Records excerpted from a collection
....................

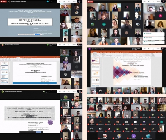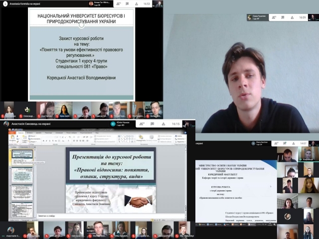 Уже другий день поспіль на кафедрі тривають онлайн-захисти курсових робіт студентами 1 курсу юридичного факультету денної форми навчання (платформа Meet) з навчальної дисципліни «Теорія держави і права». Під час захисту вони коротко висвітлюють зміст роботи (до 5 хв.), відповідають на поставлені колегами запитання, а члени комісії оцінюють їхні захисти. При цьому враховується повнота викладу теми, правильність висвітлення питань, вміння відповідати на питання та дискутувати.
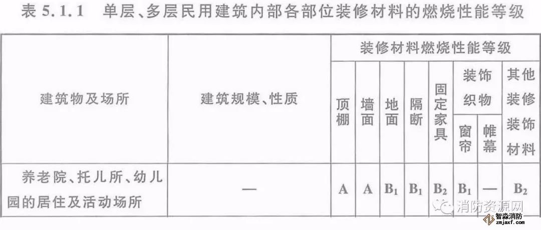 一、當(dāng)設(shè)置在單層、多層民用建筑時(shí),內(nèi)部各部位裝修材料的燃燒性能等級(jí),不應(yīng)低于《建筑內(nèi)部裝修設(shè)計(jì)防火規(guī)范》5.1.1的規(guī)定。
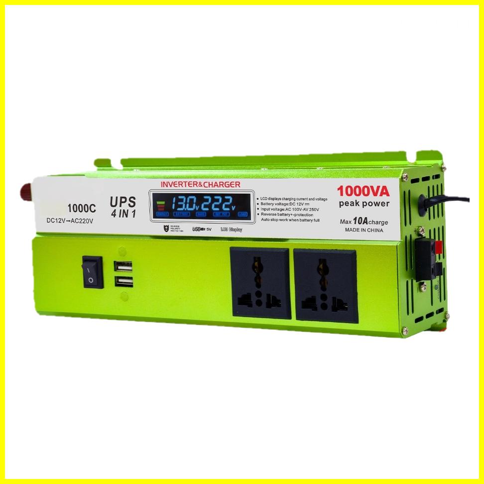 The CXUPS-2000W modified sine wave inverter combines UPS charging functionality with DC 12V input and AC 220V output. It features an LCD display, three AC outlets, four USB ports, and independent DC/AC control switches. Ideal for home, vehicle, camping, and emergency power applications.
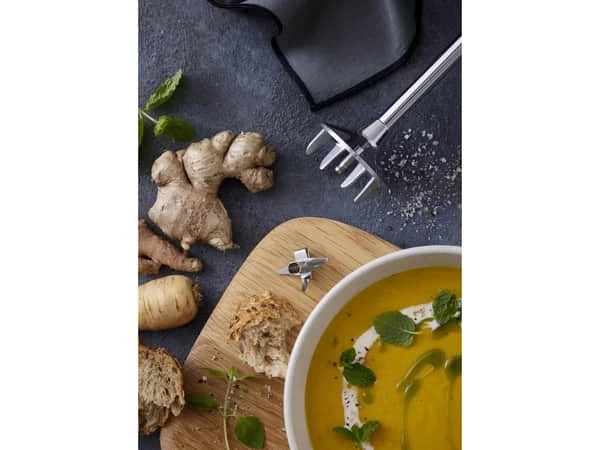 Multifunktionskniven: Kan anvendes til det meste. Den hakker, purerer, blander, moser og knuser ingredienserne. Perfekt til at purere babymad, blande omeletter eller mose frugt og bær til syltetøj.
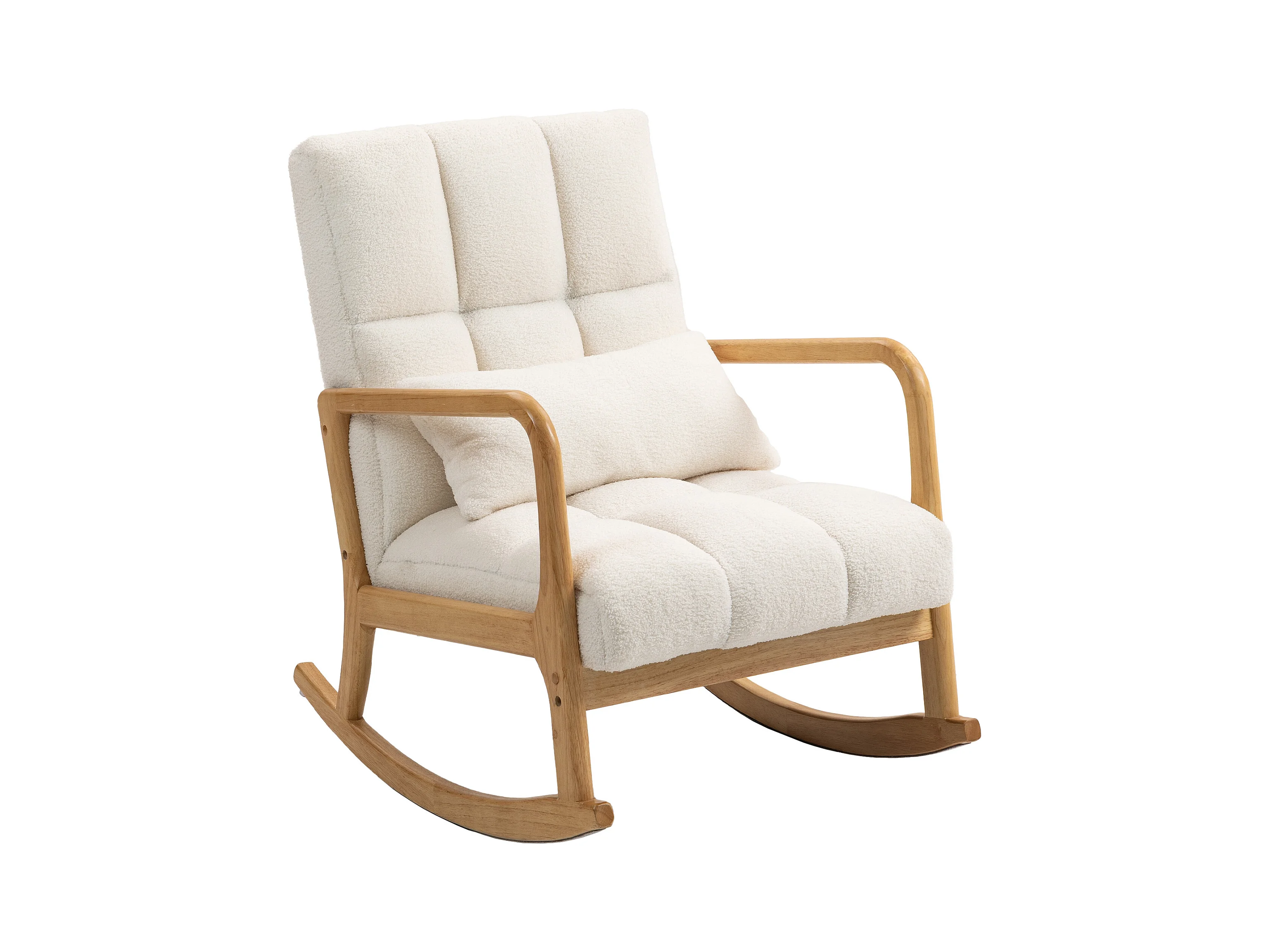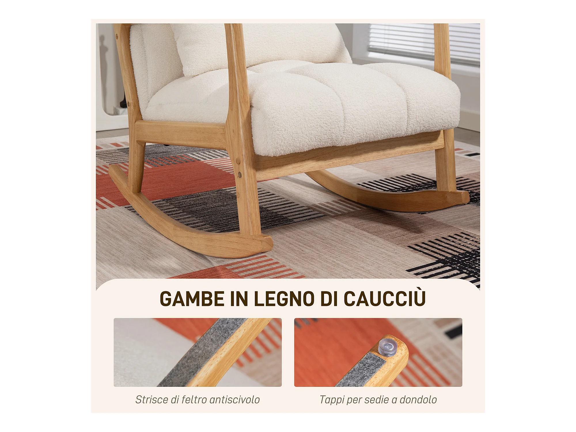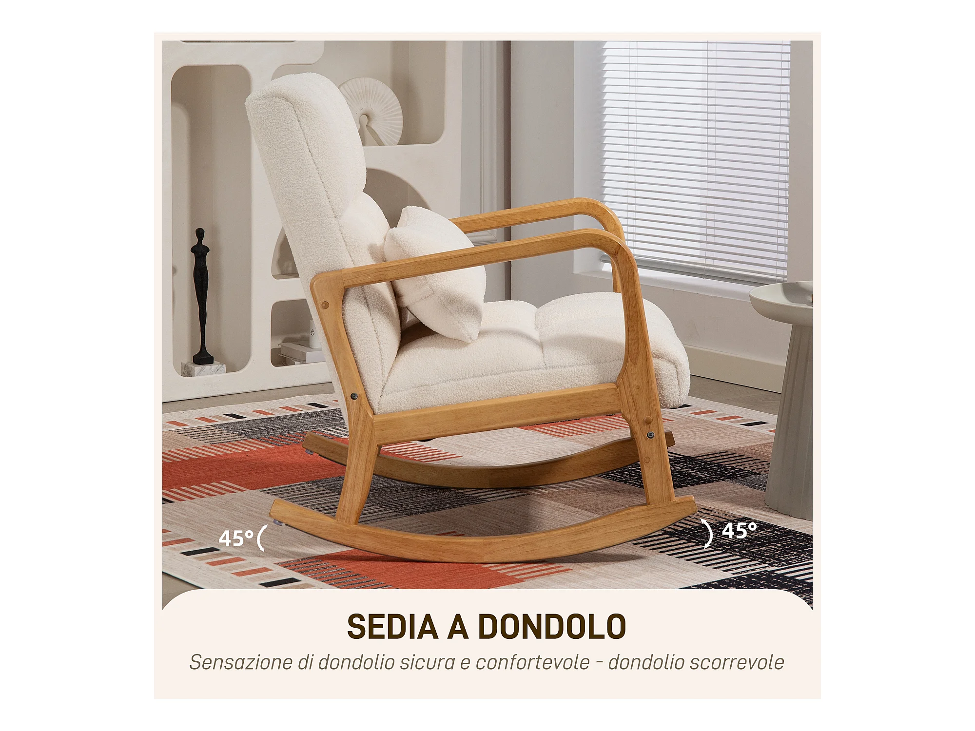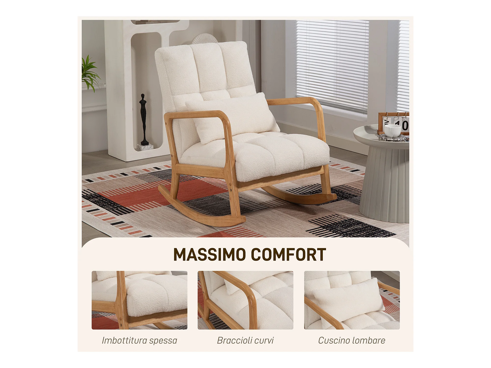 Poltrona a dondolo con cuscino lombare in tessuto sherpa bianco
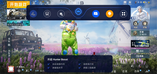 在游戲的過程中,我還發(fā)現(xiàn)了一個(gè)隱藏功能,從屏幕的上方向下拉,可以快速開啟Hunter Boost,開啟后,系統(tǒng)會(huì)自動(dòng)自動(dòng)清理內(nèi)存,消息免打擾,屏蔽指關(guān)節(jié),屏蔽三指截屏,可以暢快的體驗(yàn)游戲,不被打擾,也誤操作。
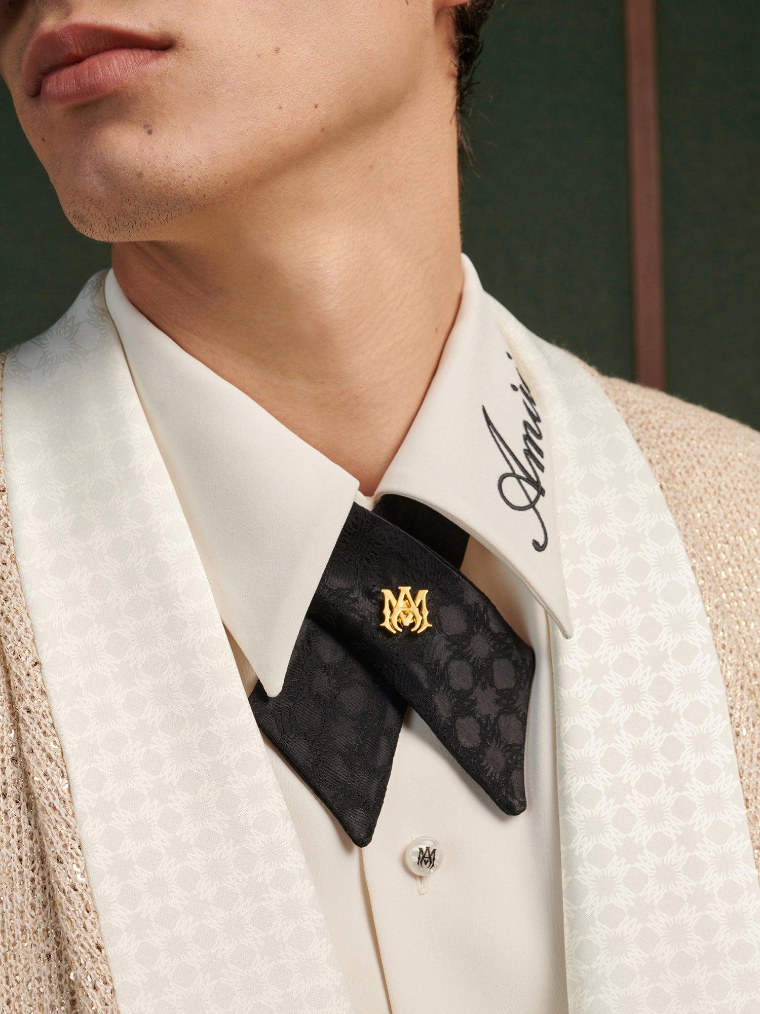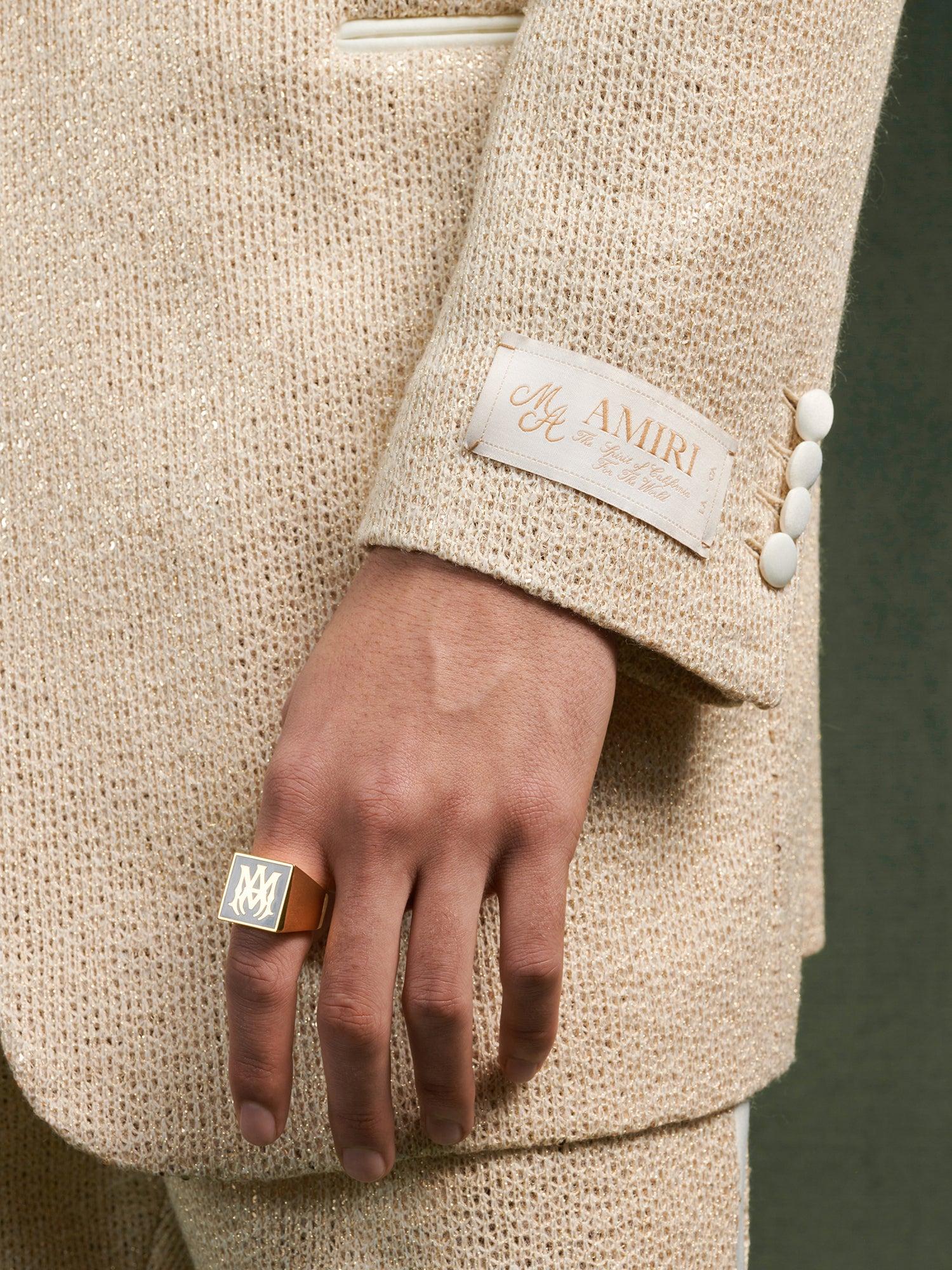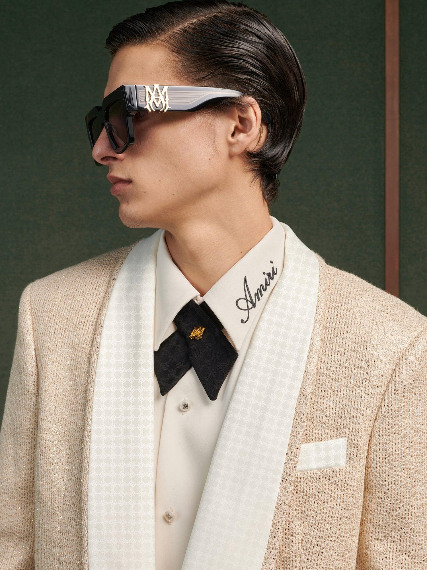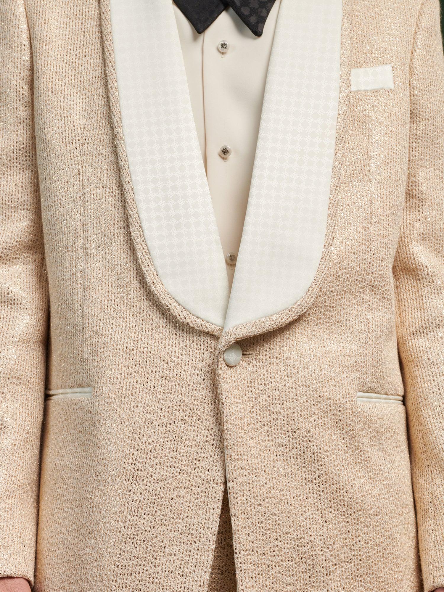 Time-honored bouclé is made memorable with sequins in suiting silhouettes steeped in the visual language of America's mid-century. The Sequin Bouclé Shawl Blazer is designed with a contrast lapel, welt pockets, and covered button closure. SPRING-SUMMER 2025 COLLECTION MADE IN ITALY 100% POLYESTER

....................

Starting with the first line of the data, transcribe every line exactly through the one containing "一、當(dāng)設(shè". No pictures go in.

Finished task:
 Уже другий день поспіль на кафедрі тривають онлайн-захисти курсових робіт студентами 1 курсу юридичного факультету денної форми навчання (платформа Meet) з навчальної дисципліни «Теорія держави і права». Під час захисту вони коротко висвітлюють зміст роботи (до 5 хв.), відповідають на поставлені колегами запитання, а члени комісії оцінюють їхні захисти. При цьому враховується повнота викладу теми, правильність висвітлення питань, вміння відповідати на питання та дискутувати.
 一、當(dāng)設(shè)置在單層、多層民用建筑時(shí),內(nèi)部各部位裝修材料的燃燒性能等級(jí),不應(yīng)低于《建筑內(nèi)部裝修設(shè)計(jì)防火規(guī)范》5.1.1的規(guī)定。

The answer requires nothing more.